Jamil Al Midfai (Arabic: جميل المدفعي; (1958 – 1890))  was an Iraqi politician. He served as the country's prime minister on five separate occasions.

Biography
Born in the town of Mosul, Midfai served in the Ottoman army during World War I, but deserted in 1916 to take part in the nationalist Arab Revolt. After the war, he was an aide to the Emir Faisal during his brief reign in Syria. He returned to Iraq in 1920, but was soon forced into exile in Jordan because of his anti-British nationalist activities. Upon his return in 1923, he served in various senior provincial capacities and finally joined the cabinet in 1930.
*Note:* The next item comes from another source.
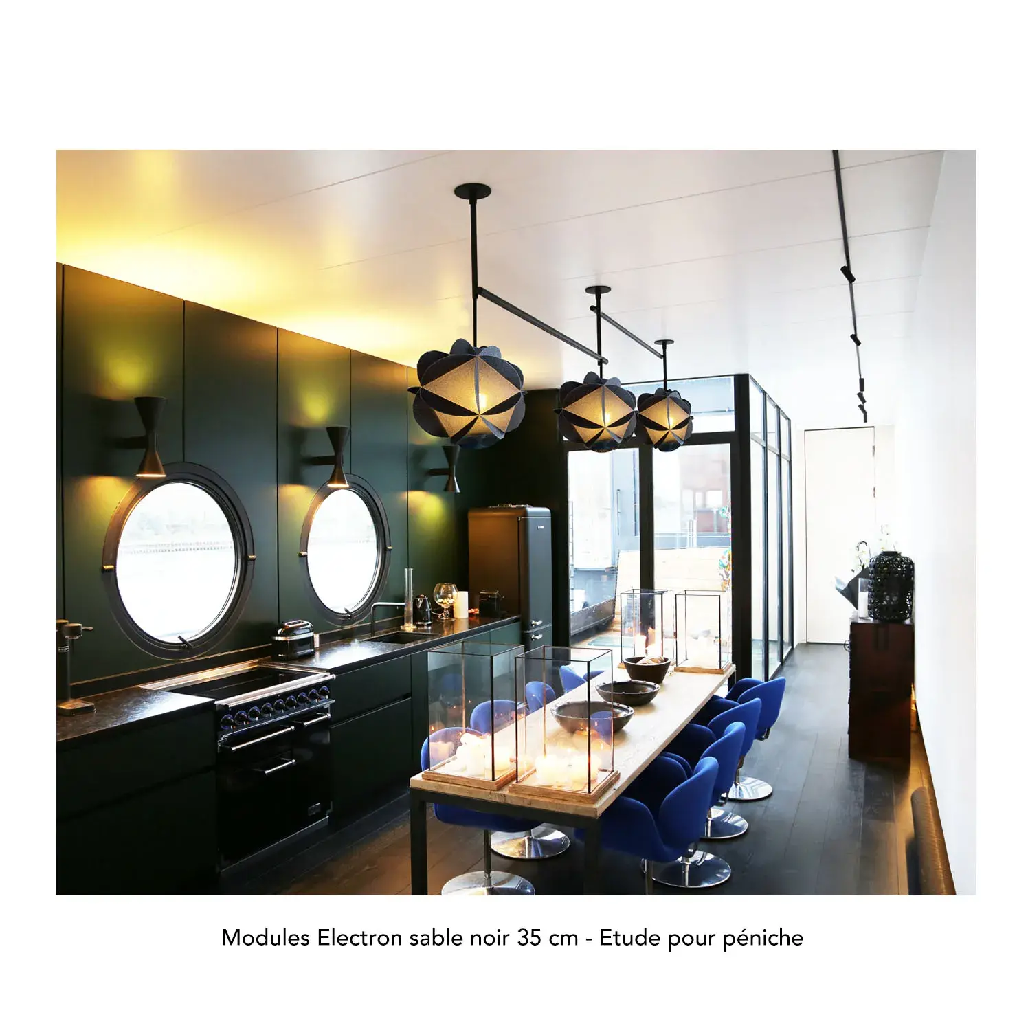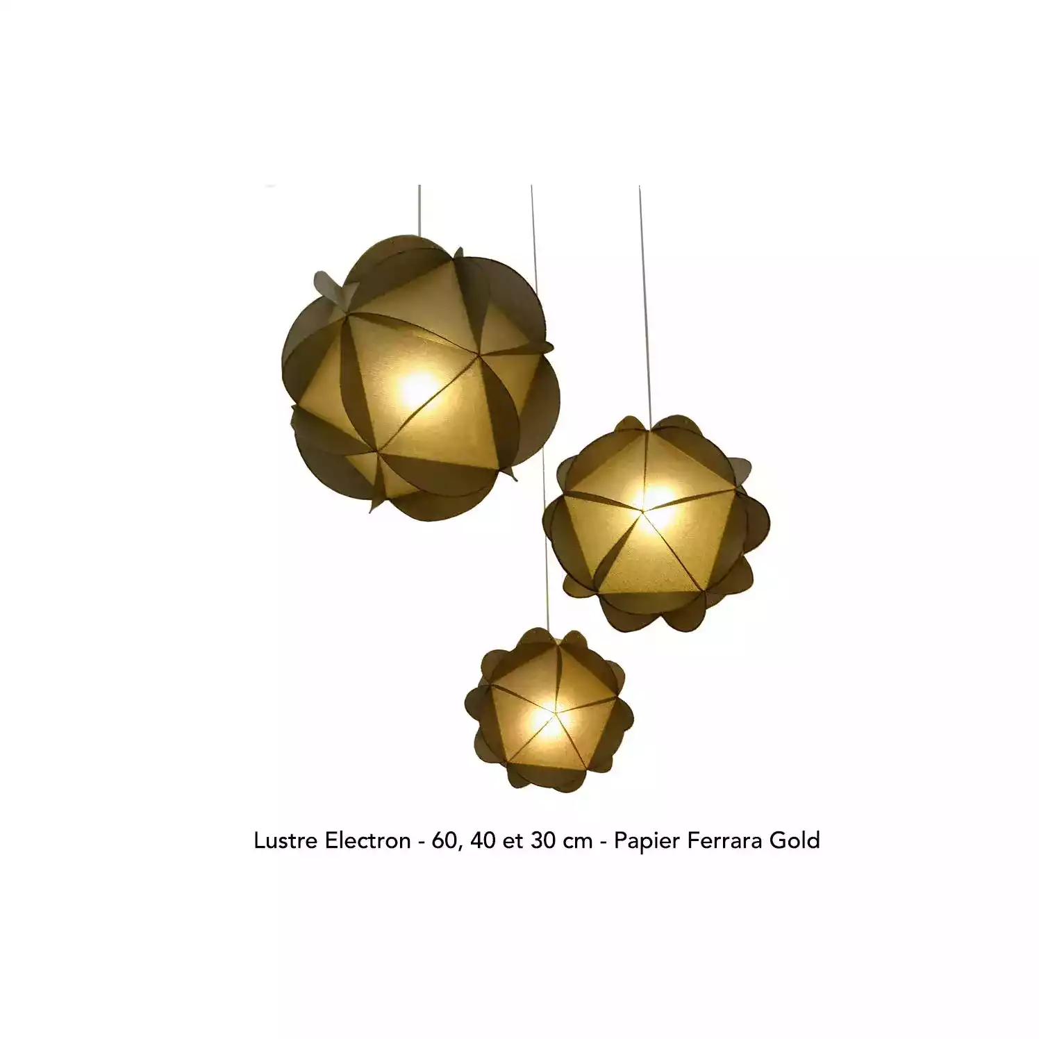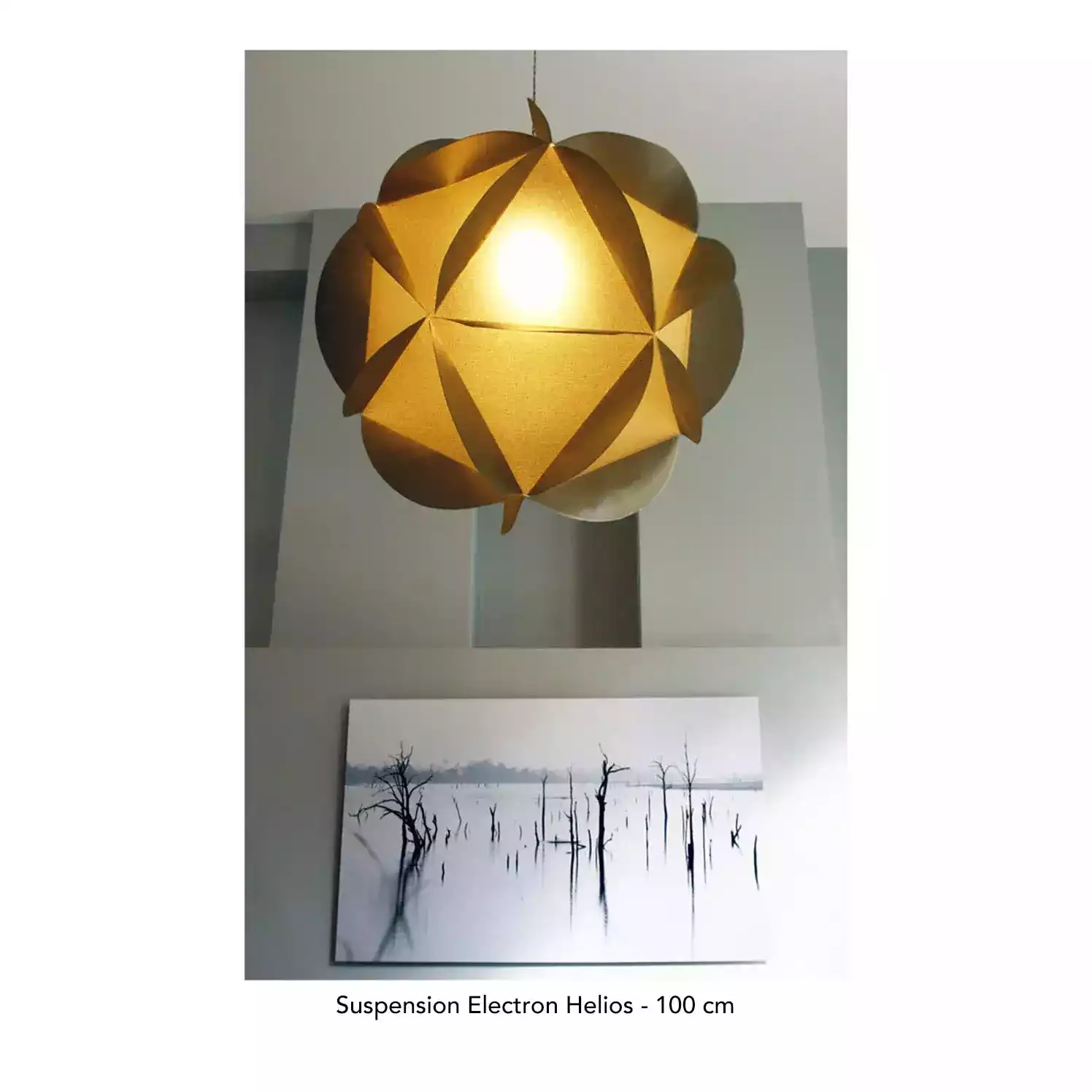 Les suspensions Electron sont le complément design des pièces uniques formées par l’assemblage des modules Alcove : Prenez un rond. Pliez le en triangle. Assemblez en 20 pour obtenir un isodécaèdre, montage bien connu des instituteurs du 20ème siècle! La suite appartient au choix des matières et l’art de la finition des créations d’Anne-Pierre Malval : le but n’est plus la fantaisie des nuages mais la rigueur de la sphère et la composition de ses répétitions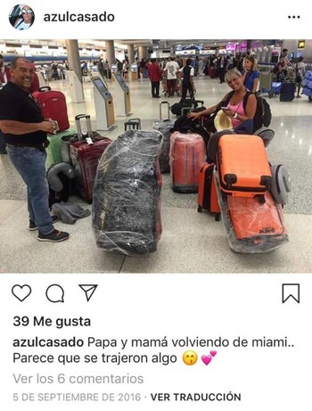 Otra de las fotos que más llamaron la atención fue cuando retrató a sus padres en el aeropuerto de Ezeiza, a la vuelta de un viaje a Miami, donde bromeaba por la decena de valijas que se habían traído: "Papá y Mamá volviendo de Miami…parece que se trajeron algo".

He was elected as the president of the Chamber of Deputies from December 1930 to November 1931, and from November 1931 to November 1933.

As a seasoned politician and two-time prime minister, he was asked to form a new government in August 1937, following the assassination of General Bakr Sidqi, who had ruled the country as a military dictator for almost a year. A staunch monarchist, Midfai was again forced into exile to Transjordan following the short-lived pro-Axis coup by Rashid Ali al-Kaylani in 1941.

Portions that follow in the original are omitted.